Obama Care is Preventative Care
It was 2012, I was an intern at The Johns Hopkins Hospital in Baltimore, Maryland; and the bearer of bad news. Fortunately, for the patient more than me, it wasn't 'The Big C' (Cancer), but it was a diagnosis that was a key to understanding how healthcare, or lack of it, lead to this moment. I was standing in a crowded, overflowing Emergency Department and had to tell this man I just met that he would have to be admitted to the hospital because his kidney's we're failing.
"What? Why? How" he sputtered.
I addressed the weight of each of those questions in length at the time. But in short: "The What" - your kidneys have seen years of abuse and the swelling in your legs, your shortness of breath and weight gain are all because your kidneys don't work as well as they used to. "The Why" - your blood pressure is 200/110, extremely high, and the body can't take that kind of strain - your kidneys, heart, lungs and brain are all being affected. "The How" - well he answered that...
"I knew I should've dealt with this a long time ago. But it wasn't that bad at the time" he said. "I've been on the medications for the past month" he explained.
Too little, too late. The phrase rang true. I thought.
"What changed?" I asked . "Why weren't you on medications before?"
"Obama Care" he answered.
I left that room smh, incredulous. The social and economic situations in Baltimore as well as cities and communities just like it make people choose between medications and food. Providing for their families now and cashing a rain check on their health for later. This man's kidneys had failed, time would tell whether he would need dialysis and how his heart had taken the 'years of abuse'. But, in that moment, one thing was sure. I became a believer in Obama Care.
I started medical school the year President Barack Obama was elected to his first term. The Affordable Care Act - also known as "Obama Care" or the ACA - was passed in 2010. I felt the impact that it had on the people of Baltimore in 2012, and speaking to my friends, doctors in community clinics, emergency departments and hospital wards across the country - they too we're seeing patients, people, just as I described. People who had gone on too long ignoring their health not because they couldn't access the health care system but because they couldn't afford to access it.

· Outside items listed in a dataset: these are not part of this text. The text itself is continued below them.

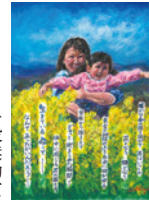
「やっぱり想い(ハート)」 TONPi Magic 一般奨励賞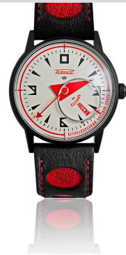
Montre Avant-Garde W-06-16-10-0279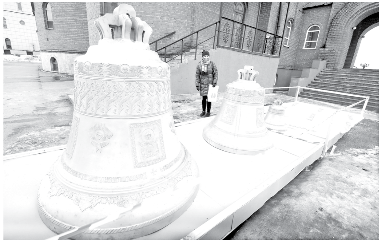
ОБНОВЛЕНИЕ ГОЛОСА. Девять колоколов, отлитых из специальной бронзы в городе Каменск-Уральский, доставили в Знаменский собор в Кемерове. Вес самого большого из них составляет 2,5 тонны, самого маленького – 6 килограммов. Заменить старые колокола собор планируют уже к нынешней Пасхе, чтобы в самый главный православный праздник обновленная звонница по-новому заговорила в полный голос. Самые маленькие колокола пока перенесли в помещенье, ну, а большие находятся на территории собора, и увидеть их может любой прихожанин.

There is good and bad with everything - and Obama Care isn't perfect, but Obama Care is Preventative Care. It is the kind of care that virtually all doctors agree we need, the care that really matters - stopping disease and illness before it happens. You can take my word on it, or better yet The Presidents - two leading medical journals The New England Journal of Medicine (NEJM) and The Journal of The American Medical Association (JAMA) have seen it fit to publish the President's analysis, critique and concerns regarding the Affordable Care Act. What putting it in place has meant for Americans and what it will mean to repeal it. I encourage you to read them both.